Nuclear structure properties of $^{193-200}$Hg isotopes within large-scale shell model calculations

TL;DR

This study uses large-scale shell-model calculations to analyze the nuclear structure of Hg isotopes from mass 193 to 200, providing insights into their spectra, collective properties, and shape evolution.

Contribution

It presents detailed shell-model analysis of Hg isotopes, including excitation spectra, transition probabilities, and shape studies, with predictions where data is lacking.

Findings

Shell-model results agree reasonably with experimental data.

Evolution of wave functions with spin is characterized.
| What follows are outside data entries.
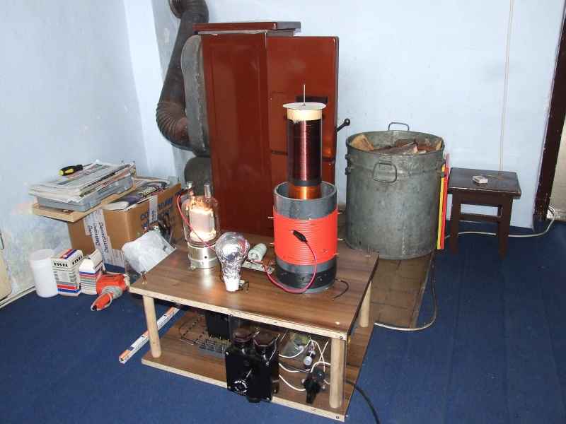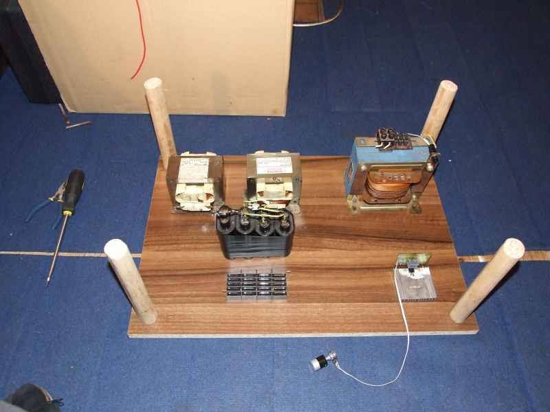 ZDE. K napájení jsou použité dva paralelně spojné MOTy se zdvojovačem. Dále následuje blokovací kondenzátor 22n/15kV poskládaný z MMC. Žhavení elektronky zajišťuje trafo 12V/26A (315VA), které dává naprázdno 13V a po zatížení elektronkou klesne na 12,5V. Elektronka pracuje v triodovém zapojení, tzn. že mřížky G1 a G2 jsou spojeny. Jako mřížkový odpor slouží žárovka 150W/230V. Sekundár je navinut drátem 0,5mm (+- 800z) na šířce 8cm o délce 40cm. Primár je vinut na PVC o průměru 18cm, na ní jsem navinul 40z s odbočkami. Pod primárem se nachází FB vinutí s 17z také s odbočkami. Rezonanční kondenzátor obsahuje dva pulzní kondenzátory 680p/6kV/15kVA paralelně. K regulaci výkonu je použitý jednoduchý triakový regulátor. Výboje přeskakují 30cm pravítko.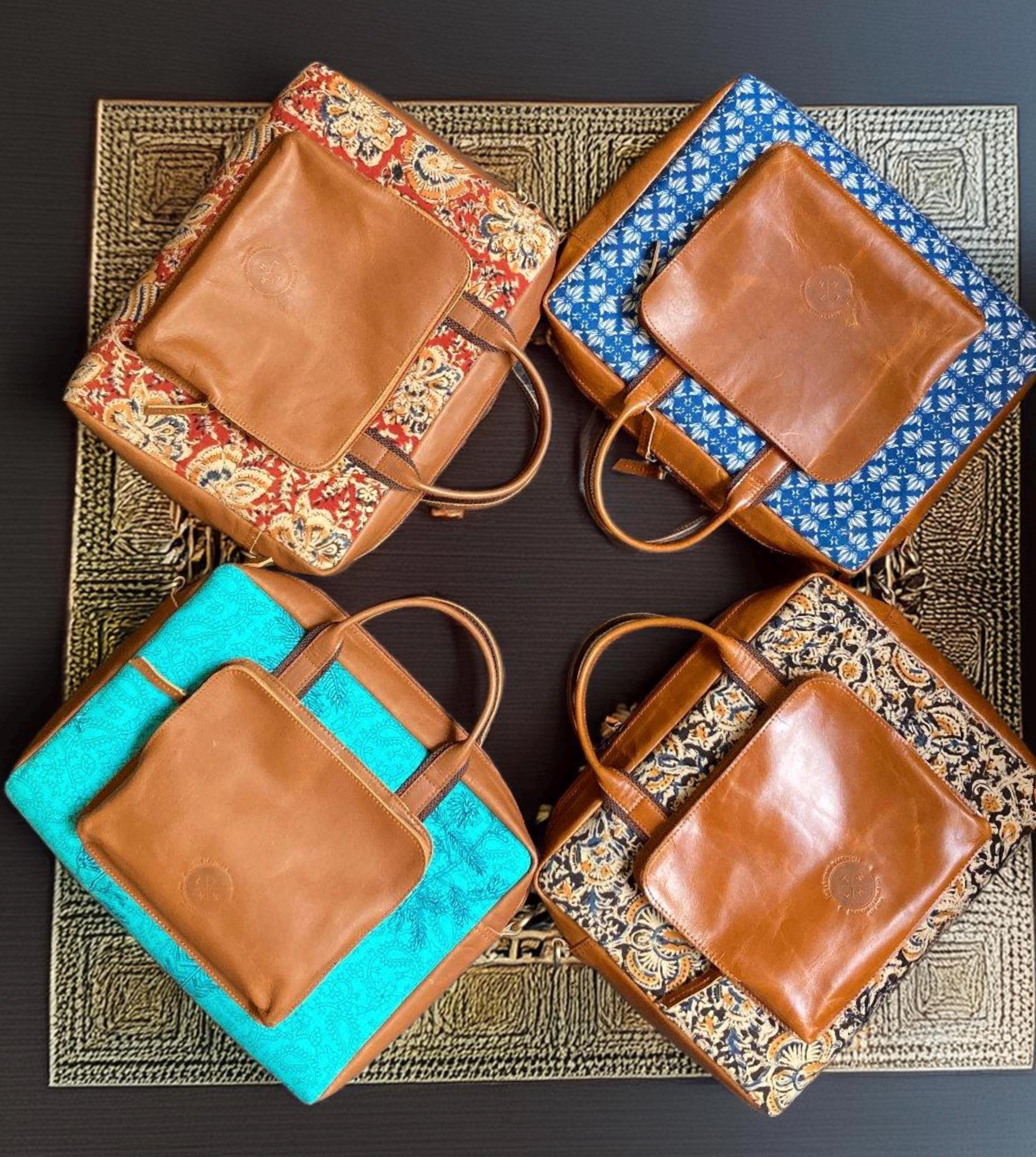 These keywords are tailored to highlight the unique combination of leather and hand-printed fabrics in your products, appealing to consumers searching for artisanal and personalized bags.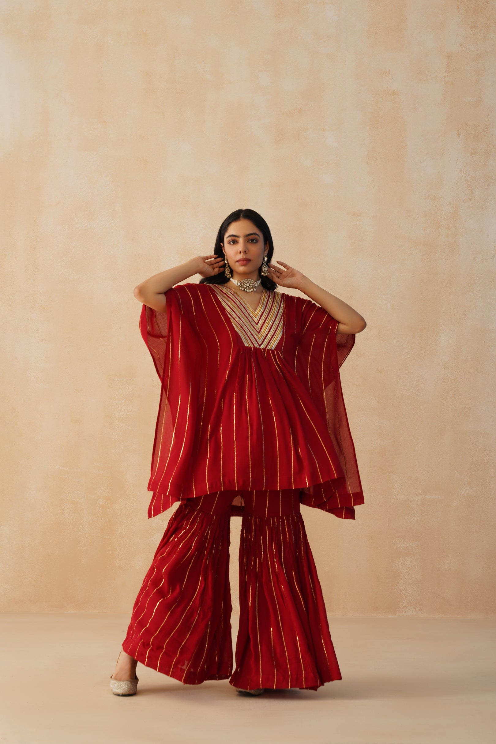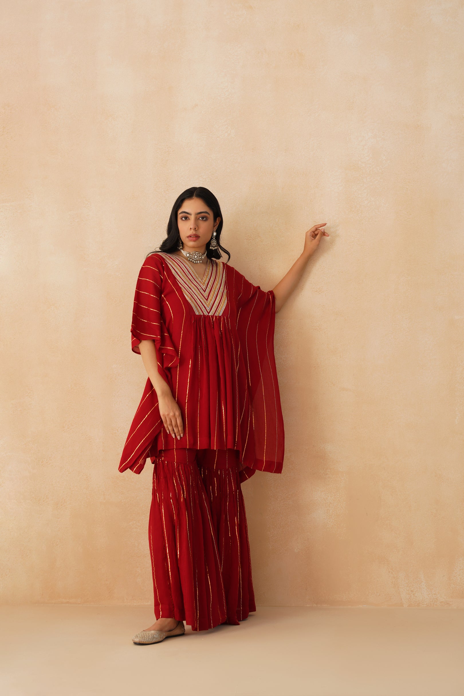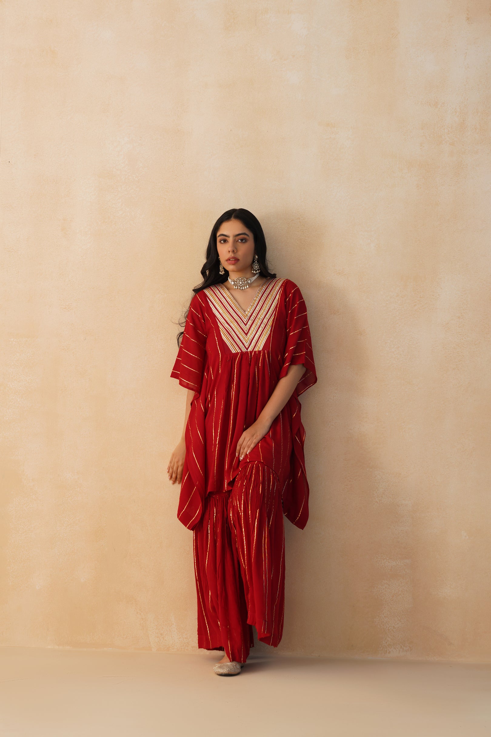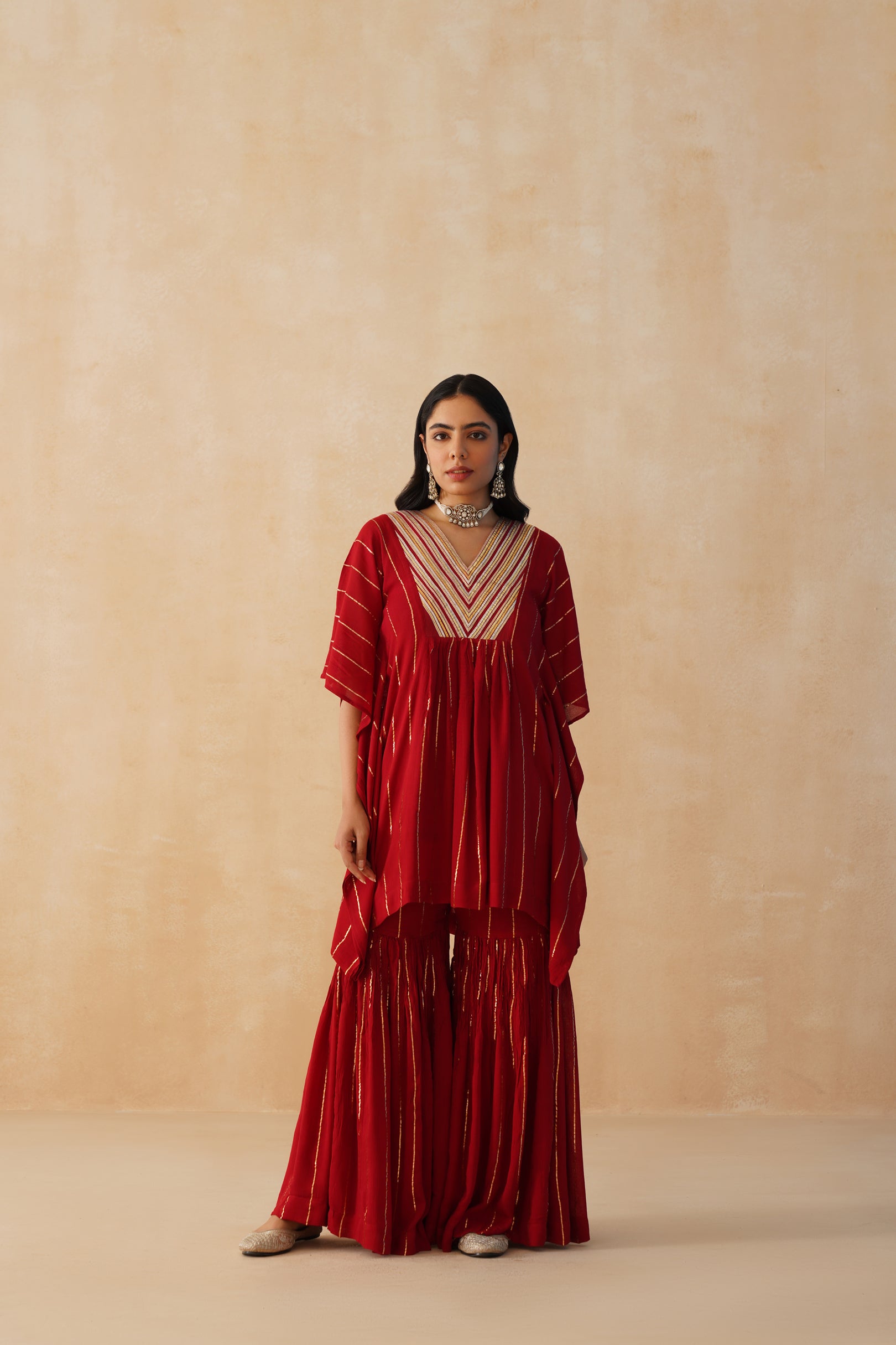 RED MIRA KAFTAN & SHARARA PANTS SET OF TWO

Shape analysis through energy-surface plots reveals shape coexistence.

Abstract

Large-scale shell-model calculations have been performed to study the nuclear structure properties of Hg isotopes with mass varying from $A=193$ to $A=200$. The shell-model calculations are carried out in the 50 $\leq Z \leq$ 82 and 82 $ \leq N \leq$ 126 model space using monopole-based truncation. We present detailed studies on low-energy excitation spectra, energy systematics, and collective properties of Hg isotopes, such as reduced transition probabilities, quadrupole, and magnetic moments along the isotopic chain. The evolution of wave function configurations with spin is analyzed in the case of even-$A$ Hg isotopes. The shell-model results are in reasonable agreement with the experimental data and predictions are made where experimental data are unavailable. The shapes of Hg isotopes are also investigated through the energy-surface plots.